A colleague recently brought up this argument when we were talking about big-O runtime analysis and I've been unable to find why it is incorrect:
Informally, the argument goes like this:
"If the runtime of all logarithms of any base are supposed to be equivalent, there is nothing that keeps us from saying $O(\log x) \equiv O(\log_x x) \equiv O(1)$, so either the upper bound of logarithmic growth is constant (which it evidently is not) or all logarithms are, after all, not equal in runtime."
We recalled the reasoning behind the accepted $ O(\log_a x) \equiv O(\log_b x)$ from the lemma that allows us to calculate logarithms of arbitrary base, i.e.
$$ \log_a x = \frac{\log_b x}{\log_b a} $$ where, since $a,b$ are constant also $\frac{1}{\log_b a}$ is constant, and hence $ O(\log_a x) \equiv O(\log_b x)$ holds.

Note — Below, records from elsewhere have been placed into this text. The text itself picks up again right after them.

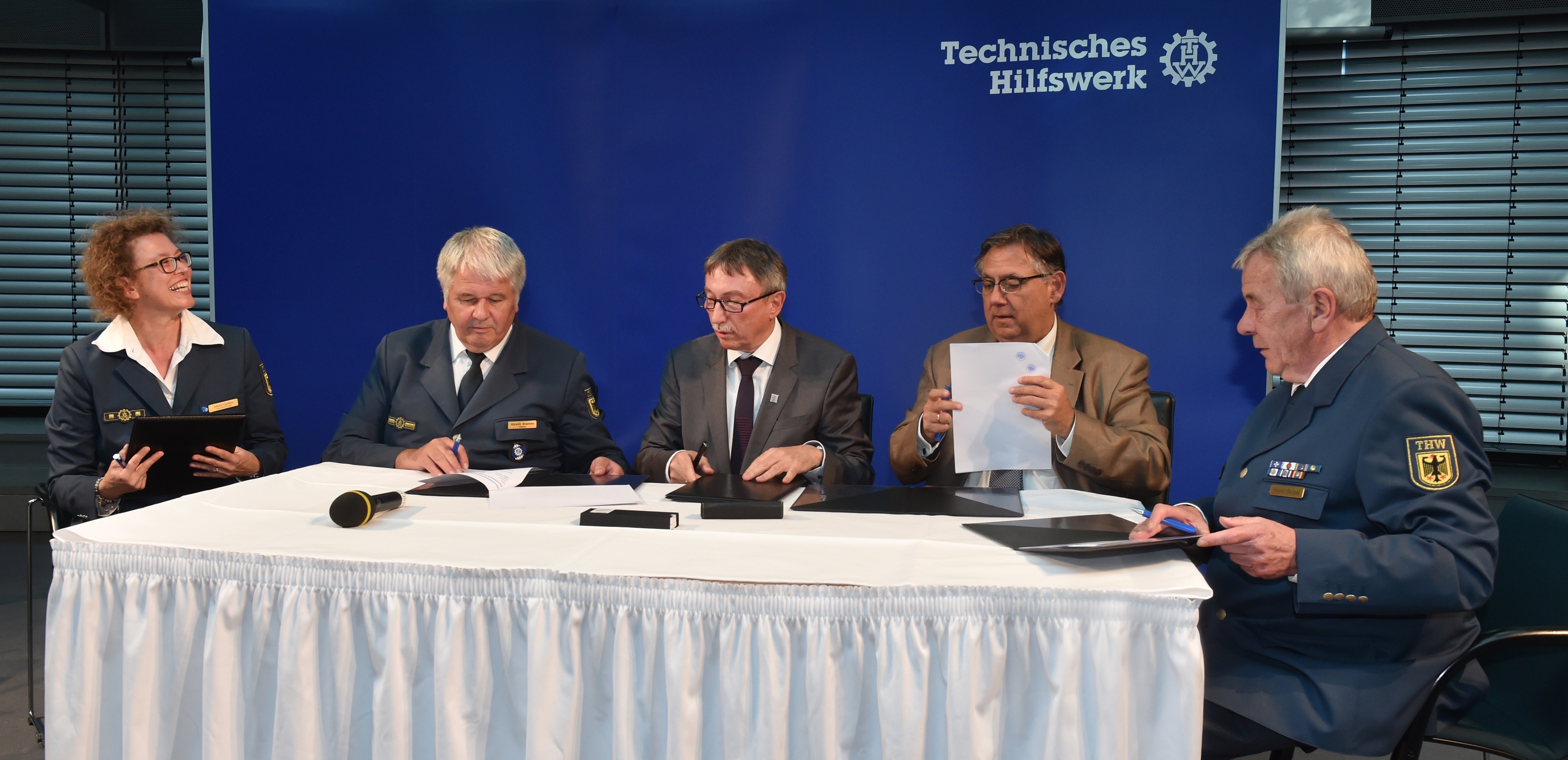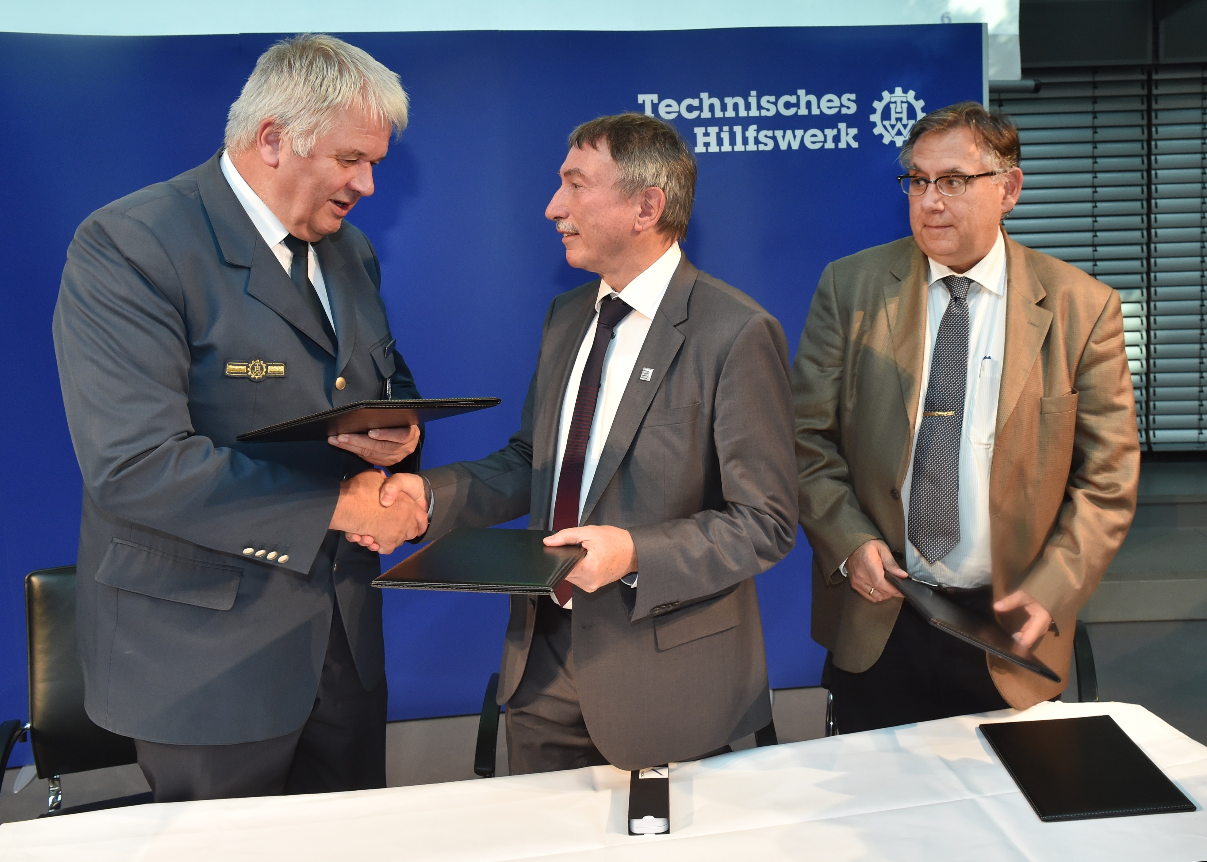 BU: Kooperationsunterzeichnung gestern im Allianzforum in Berlin beim THW-Kongress.
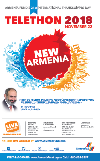 ՆՈՐ ՕՐ, ԼՈՍ ԱՆՃԵԼԸՍ. Հայաստանի, Արցախի եւ սփիւռքի աշխարհատարած ողջ հայութիւնը, Հինգշաբթի, Նոյեմբեր 22-ին, կը պատրաստուի ազգային-հայրենասիրական խորագոյն գիտակցութեամբ իր մասնակցութիւնը բերելու եւ նիւթական աջակցութիւն ընծայելու «Հայաստան» համահայկական հիմնադրամի աւանդութիւն դարձած տարեկան դրամահաւաքին:
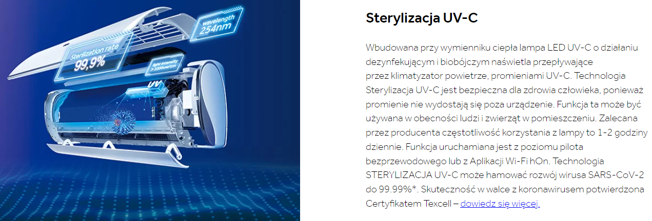 Wbudowana przy wymienniku ciepła lampa LED UV-C o działaniu dezynfekującym i biobójczym naświetla przepływające przez klimatyzator powietrze, promieniami UV-C. Technologia Sterylizacja UV-C jest bezpieczna dla zdrowia człowieka, ponieważ promienie nie wydostają się poza urządzenie. Funkcja ta może być używana w obecności ludzi i zwierząt w pomieszczeniu. Zalecana przez producenta częstotliwość korzystania z lampy to 1-2 godziny dziennie. Funkcja uruchamiana jest z poziomu pilota bezprzewodowego lub z Aplikacji Wi-Fi hOn. Technologia STERYLIZACJA UV-C może hamować rozwój wirusa SARS-CoV-2 do 99.99%*. Skuteczność w walce z koronawirusem potwierdzona Certyfikatem Texcell

I argued that since $x$ is decidedly not a constant, his conjecture would also be false as no constant factor could be extracted from the lemma.
The counterargument quickly followed, stating that since $ O(\log_a x) \equiv O(\log_b x)$ holds $\forall a,b \in \mathbb{R^+}$ it must not only hold in $a =x$ or $b = x$, but also in $a=1$ and $b=1$ and consequently $ O(\log x) \equiv O(\log_1 x) = O(0) \equiv O(1)$ breaking the original lemma not only for the base $x$ but also base $1$, where $1$ is about as constant as it gets. <- beer induced math fail
At that point in conceded that I could not find a flaw in the argumentation and as such I am turning to you: What's going on here and where are we wrong?